Let's be fair for a moment. Altman's supporters, and there are many, argue that these accusations are a rehash of old events, driven by people with agendas. They point to his undeniable success: raising hundreds of billions of dollars, brokering massive infrastructure deals, and steering OpenAI to the center of the global economy.
But even some of his defenders acknowledge an uncomfortable truth about his skill set. According to numerous engineers interviewed in a New Yorker investigation, Altman lacks deep technical expertise. He has been known to mix up basic machine learning terms, and his real gift isn't coding, it's persuasion.
One former OpenAI researcher described how Altman operates: "He sets up structures that, on paper, constrain him in the future. But then, when the future comes and it comes time to be constrained, he does away with whatever the structure was". Another insider called it "Jedi mind tricks".
And then there's the most explosive label of all: sociopath. A board member directly told investigators that Altman is "unconstrained by truth," possessing two rare traits: "a strong desire to please people, to be liked in any given interaction," and "almost a sociopathic lack of concern for the consequences that may come from deceiving someone".
A senior Microsoft executive, a partner, not a rival, put it even more starkly: "I think there's a small but real chance he's eventually remembered as a Bernie Madoff- or Sam Bankman-Fried-level scammer".
What This All Means for the Future of AI
The core of OpenAI's founding mission was radical: to ensure that artificial general intelligence benefits "all of humanity". The company was deliberately structured as a nonprofit with a board empowered to prioritize safety over profit, even over the company's survival.
But the trial has laid bare how completely that structure has been hollowed out. When the board tried to exercise its authority and fire Altman, he was reinstated within five days after threatening to "hollow out" the company and after hundreds of employees threatened to resign. The message was clear: the CEO, not the board, holds the real power.
As former board member Helen Toner testified, the original mission was "deeply related" to safety. But as the company raced toward commercialization, "safety was not as prioritized". Rosie Campbell, a former safety researcher, testified that two safety teams were disbanded and that product launches sometimes bypassed proper review.
The question that now hangs over all of us is simple and deeply unsettling: if the people who know Sam Altman best say he cannot be trusted with the most powerful technology in human history, why is he still the one holding the keys?

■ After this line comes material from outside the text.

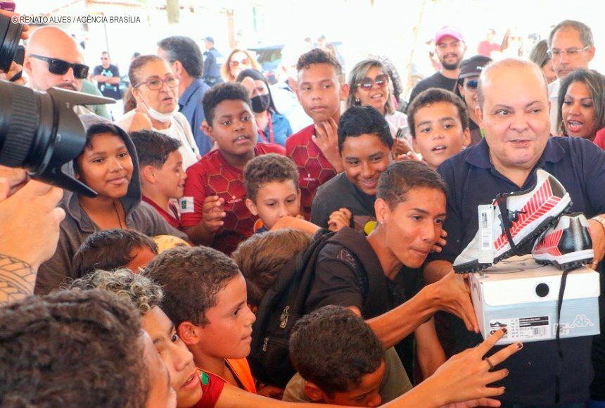 Depois, foi a vez da inauguração do campo de grama sintética localizado na Quadra 13, do Setor Sul do Gama. No local, as crianças de um programa social receberam chuteiras e uniformes, além do espaço completamente reformado.
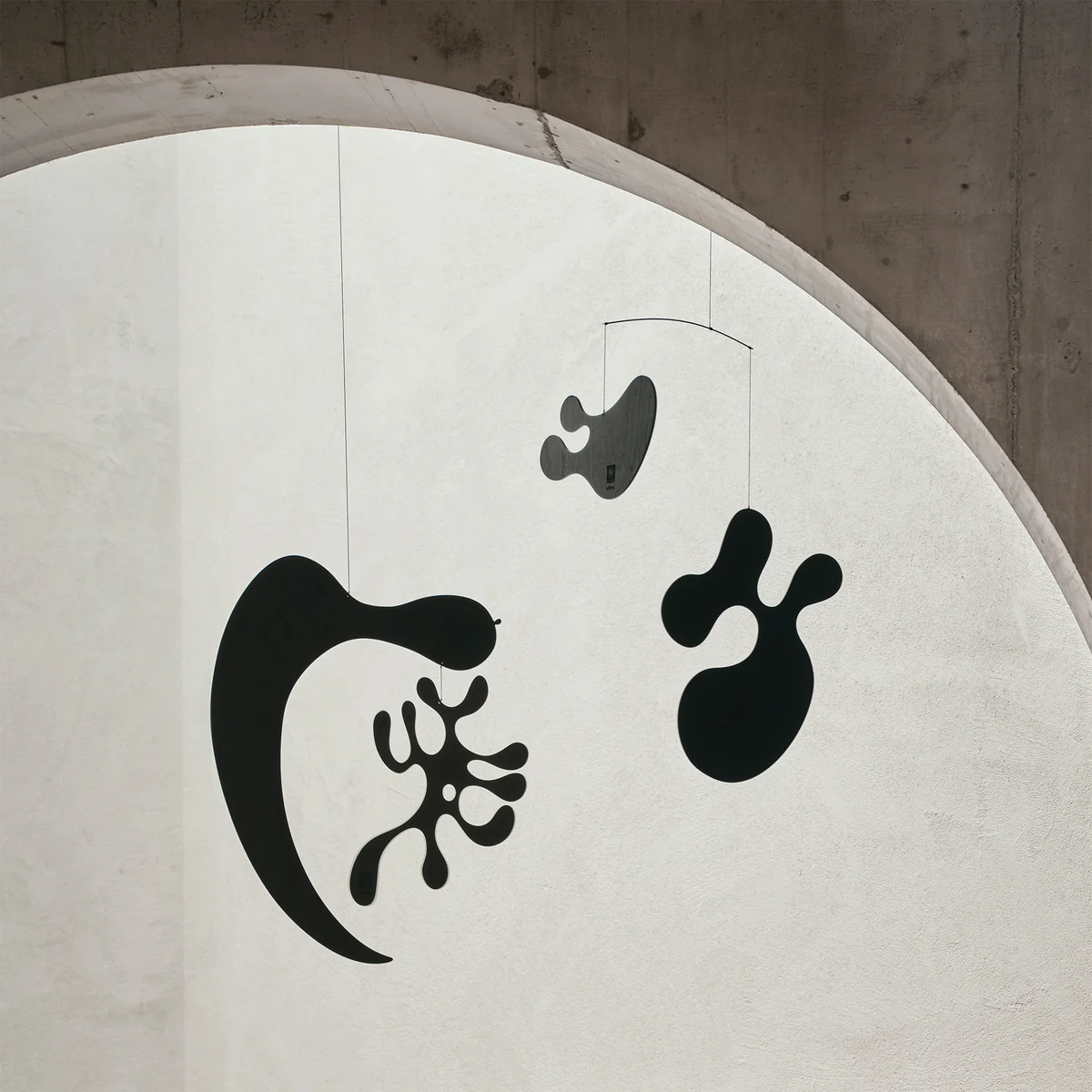 Entstanden sind die Mobiles Anfang der 1940-er Jahre bei einer Reihe von Experimenten mit Schichtholz. Charles und Ray Eames wollten damals die Technik der Schichtholzverformung vorantreiben. Die beiden fanden die zufällig entstandenen Mobiles so schön, dass sie die Modelle in ihrem Apartment in Los Angeles aufhängten.

The allegations against Sam Altman are not new. But the courtroom testimony from Mira Murati, Ilya Sutskever, and OpenAI's own board members has transformed whispered concerns into a matter of public record. For those of us watching from the outside, the trial offers a rare, unfiltered glimpse into the human dynamics behind the AI curtain. And what it reveals is that the greatest risk in artificial intelligence may not be the code, it may be the character of the person in charge.